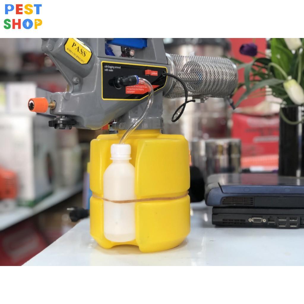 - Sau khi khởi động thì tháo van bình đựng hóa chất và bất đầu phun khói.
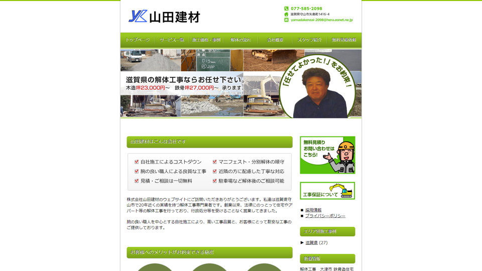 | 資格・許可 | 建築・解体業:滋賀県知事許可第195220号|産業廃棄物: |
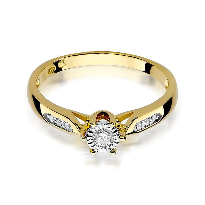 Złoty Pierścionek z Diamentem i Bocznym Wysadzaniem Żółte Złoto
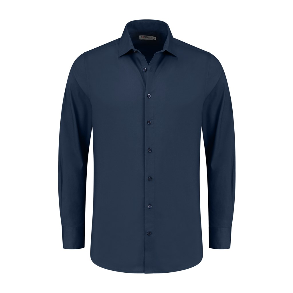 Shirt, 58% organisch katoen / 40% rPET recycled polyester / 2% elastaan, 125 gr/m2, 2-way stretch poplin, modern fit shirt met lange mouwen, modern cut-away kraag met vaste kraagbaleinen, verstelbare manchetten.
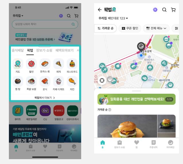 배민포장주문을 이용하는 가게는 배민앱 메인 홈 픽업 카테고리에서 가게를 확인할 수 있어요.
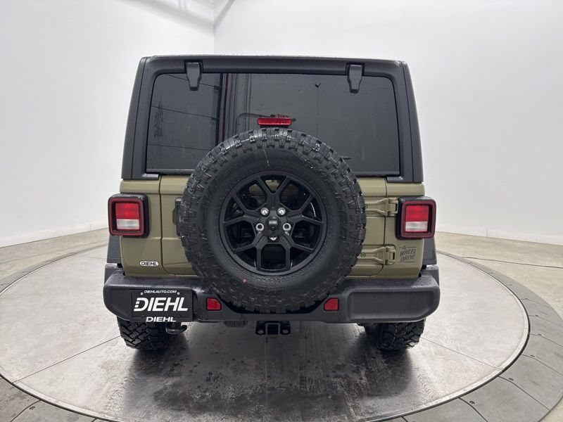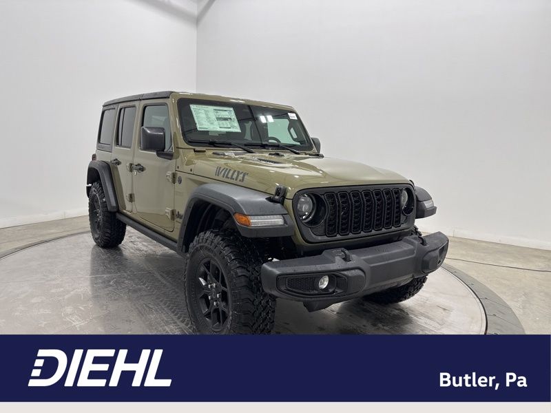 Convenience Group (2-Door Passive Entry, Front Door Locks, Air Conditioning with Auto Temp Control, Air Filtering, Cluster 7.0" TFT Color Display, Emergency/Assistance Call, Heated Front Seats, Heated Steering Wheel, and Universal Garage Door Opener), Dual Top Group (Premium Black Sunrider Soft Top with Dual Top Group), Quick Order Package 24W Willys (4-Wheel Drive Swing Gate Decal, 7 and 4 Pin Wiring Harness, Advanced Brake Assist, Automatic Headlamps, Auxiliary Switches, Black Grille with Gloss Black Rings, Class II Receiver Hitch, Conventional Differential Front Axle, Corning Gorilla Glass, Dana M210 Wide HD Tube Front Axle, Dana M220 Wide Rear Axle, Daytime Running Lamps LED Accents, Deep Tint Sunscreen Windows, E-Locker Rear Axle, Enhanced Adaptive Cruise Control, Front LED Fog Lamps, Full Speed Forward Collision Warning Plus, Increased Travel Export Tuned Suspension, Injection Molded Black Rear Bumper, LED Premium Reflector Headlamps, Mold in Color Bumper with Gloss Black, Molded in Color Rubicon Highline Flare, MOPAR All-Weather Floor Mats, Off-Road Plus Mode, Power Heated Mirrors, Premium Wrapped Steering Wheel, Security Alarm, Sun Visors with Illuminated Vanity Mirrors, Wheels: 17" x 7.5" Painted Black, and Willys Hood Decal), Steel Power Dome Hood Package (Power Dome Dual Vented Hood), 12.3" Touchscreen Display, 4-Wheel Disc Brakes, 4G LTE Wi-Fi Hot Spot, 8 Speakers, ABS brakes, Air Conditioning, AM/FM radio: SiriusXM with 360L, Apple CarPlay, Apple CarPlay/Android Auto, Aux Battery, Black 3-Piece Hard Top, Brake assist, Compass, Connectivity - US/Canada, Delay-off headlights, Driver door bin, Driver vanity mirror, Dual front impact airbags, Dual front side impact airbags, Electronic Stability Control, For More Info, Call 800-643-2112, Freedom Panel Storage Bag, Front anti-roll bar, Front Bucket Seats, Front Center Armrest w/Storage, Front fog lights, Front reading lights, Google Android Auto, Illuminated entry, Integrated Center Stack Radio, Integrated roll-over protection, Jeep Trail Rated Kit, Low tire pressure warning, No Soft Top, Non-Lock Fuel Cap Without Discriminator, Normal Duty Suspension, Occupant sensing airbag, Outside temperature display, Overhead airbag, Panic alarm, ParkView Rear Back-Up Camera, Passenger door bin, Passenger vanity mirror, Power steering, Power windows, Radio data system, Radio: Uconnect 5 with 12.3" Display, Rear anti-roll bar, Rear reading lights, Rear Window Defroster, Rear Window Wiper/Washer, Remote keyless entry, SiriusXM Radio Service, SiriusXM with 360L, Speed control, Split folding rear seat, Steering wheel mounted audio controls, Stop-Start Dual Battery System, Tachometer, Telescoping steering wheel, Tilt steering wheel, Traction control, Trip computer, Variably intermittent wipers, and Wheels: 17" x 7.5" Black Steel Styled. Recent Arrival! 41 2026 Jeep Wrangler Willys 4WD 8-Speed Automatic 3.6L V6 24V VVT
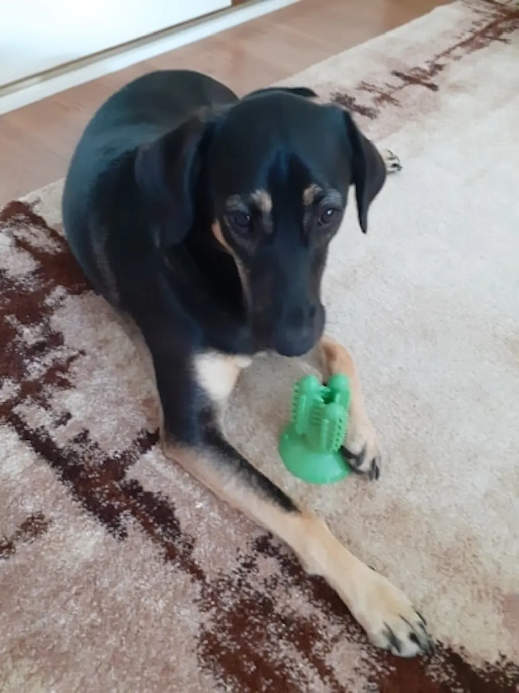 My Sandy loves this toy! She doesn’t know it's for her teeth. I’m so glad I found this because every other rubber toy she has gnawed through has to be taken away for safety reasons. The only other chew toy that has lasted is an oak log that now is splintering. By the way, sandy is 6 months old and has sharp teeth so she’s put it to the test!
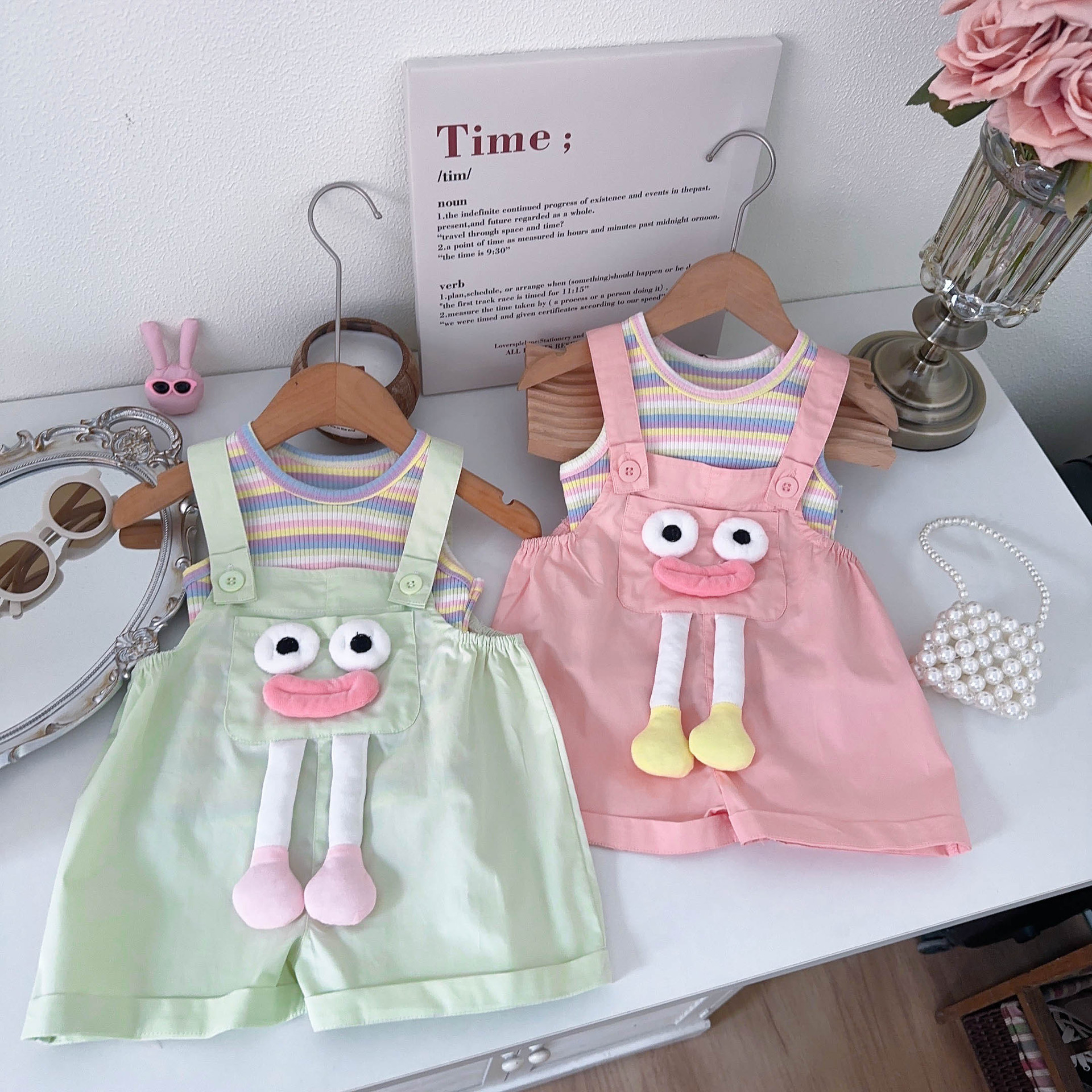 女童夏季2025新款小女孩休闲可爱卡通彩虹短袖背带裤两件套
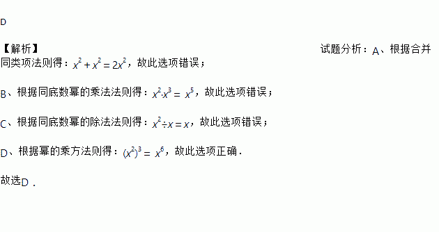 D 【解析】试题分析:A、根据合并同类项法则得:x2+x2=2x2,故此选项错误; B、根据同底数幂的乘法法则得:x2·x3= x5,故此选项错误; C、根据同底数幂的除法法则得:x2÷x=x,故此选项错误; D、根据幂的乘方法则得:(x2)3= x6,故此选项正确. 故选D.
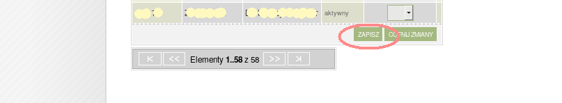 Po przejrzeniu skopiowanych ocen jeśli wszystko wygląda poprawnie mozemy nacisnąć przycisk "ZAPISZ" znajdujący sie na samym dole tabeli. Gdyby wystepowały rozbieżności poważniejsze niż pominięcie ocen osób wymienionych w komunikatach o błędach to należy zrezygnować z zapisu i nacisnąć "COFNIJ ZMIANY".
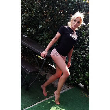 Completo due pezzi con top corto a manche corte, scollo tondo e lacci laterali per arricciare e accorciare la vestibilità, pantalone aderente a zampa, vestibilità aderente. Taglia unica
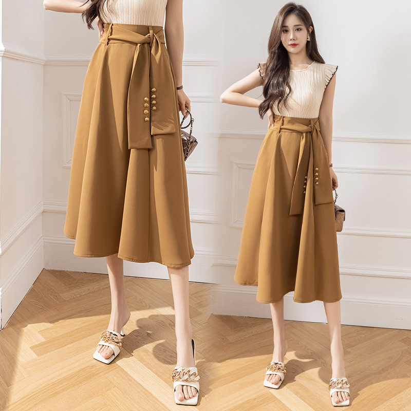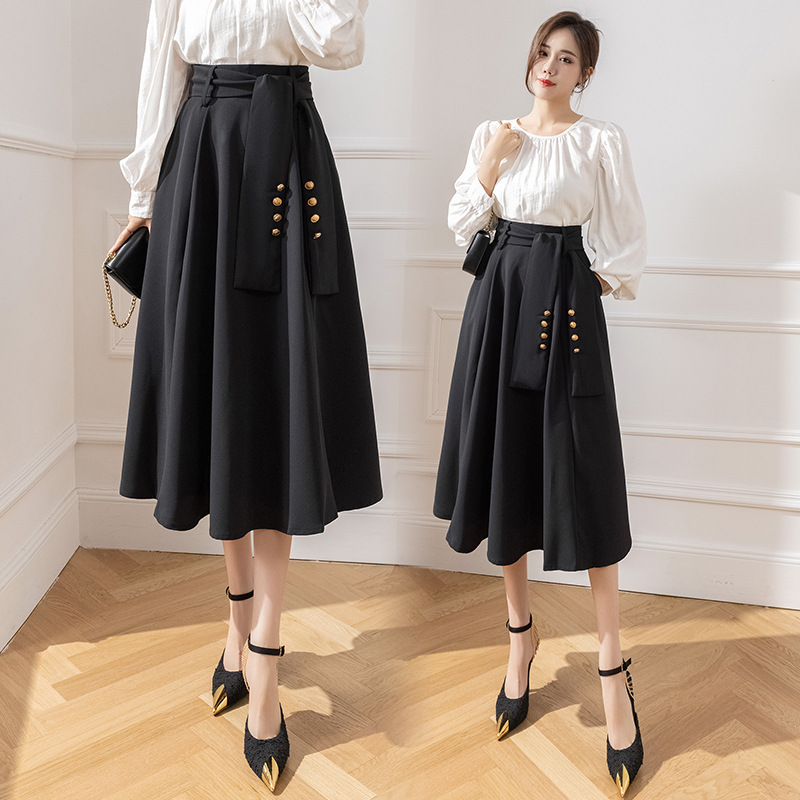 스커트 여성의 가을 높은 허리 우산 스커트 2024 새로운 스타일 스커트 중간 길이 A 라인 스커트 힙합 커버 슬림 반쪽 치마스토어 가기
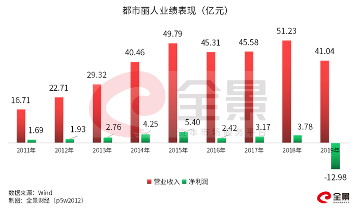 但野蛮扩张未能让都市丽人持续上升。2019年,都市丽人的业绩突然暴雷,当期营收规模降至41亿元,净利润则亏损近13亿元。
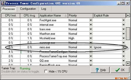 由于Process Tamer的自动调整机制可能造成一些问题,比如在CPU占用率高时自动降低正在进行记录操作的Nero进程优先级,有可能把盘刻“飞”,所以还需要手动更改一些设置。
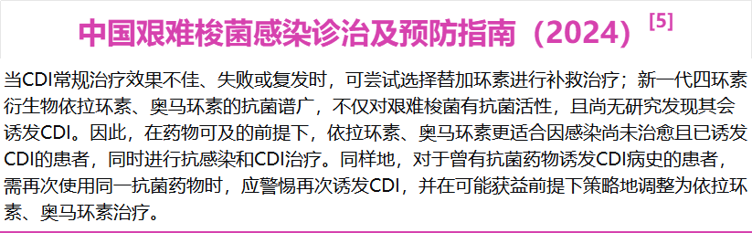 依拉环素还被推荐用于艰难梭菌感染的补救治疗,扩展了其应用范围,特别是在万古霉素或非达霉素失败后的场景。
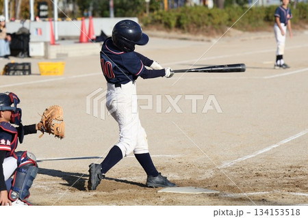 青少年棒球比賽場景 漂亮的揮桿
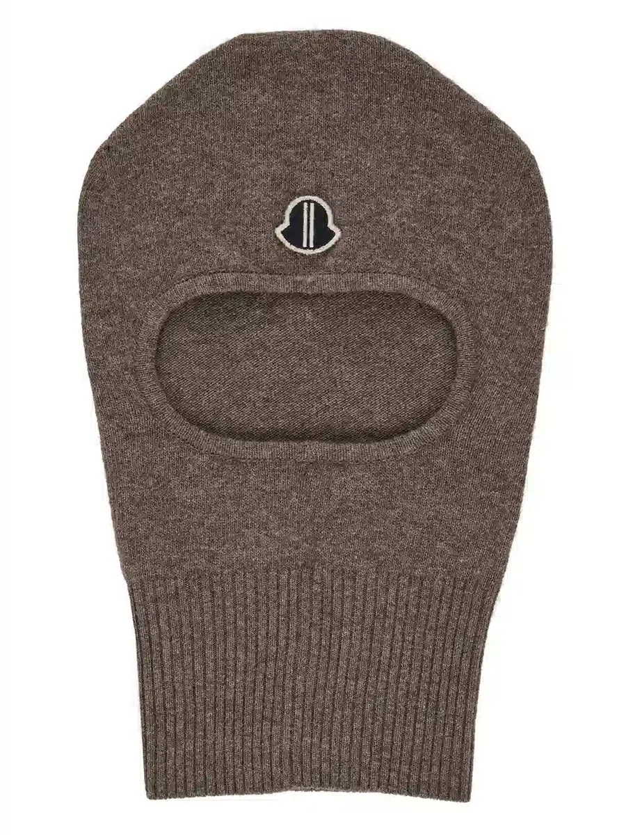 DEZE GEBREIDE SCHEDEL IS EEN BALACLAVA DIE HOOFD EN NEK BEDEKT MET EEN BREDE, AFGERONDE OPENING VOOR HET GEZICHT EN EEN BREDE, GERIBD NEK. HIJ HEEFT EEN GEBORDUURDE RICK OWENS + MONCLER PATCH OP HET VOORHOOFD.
---------------
• _ACTIVITY_:
Print exactly the lines above that run from the one with "Shirt, 58% organisch" down to the one with "배민포장주문을 이용하는 가게는", and omit the pictures.

• _SOLVED PROBLEM_:
 Shirt, 58% organisch katoen / 40% rPET recycled polyester / 2% elastaan, 125 gr/m2, 2-way stretch poplin, modern fit shirt met lange mouwen, modern cut-away kraag met vaste kraagbaleinen, verstelbare manchetten.
 배민포장주문을 이용하는 가게는 배민앱 메인 홈 픽업 카테고리에서 가게를 확인할 수 있어요.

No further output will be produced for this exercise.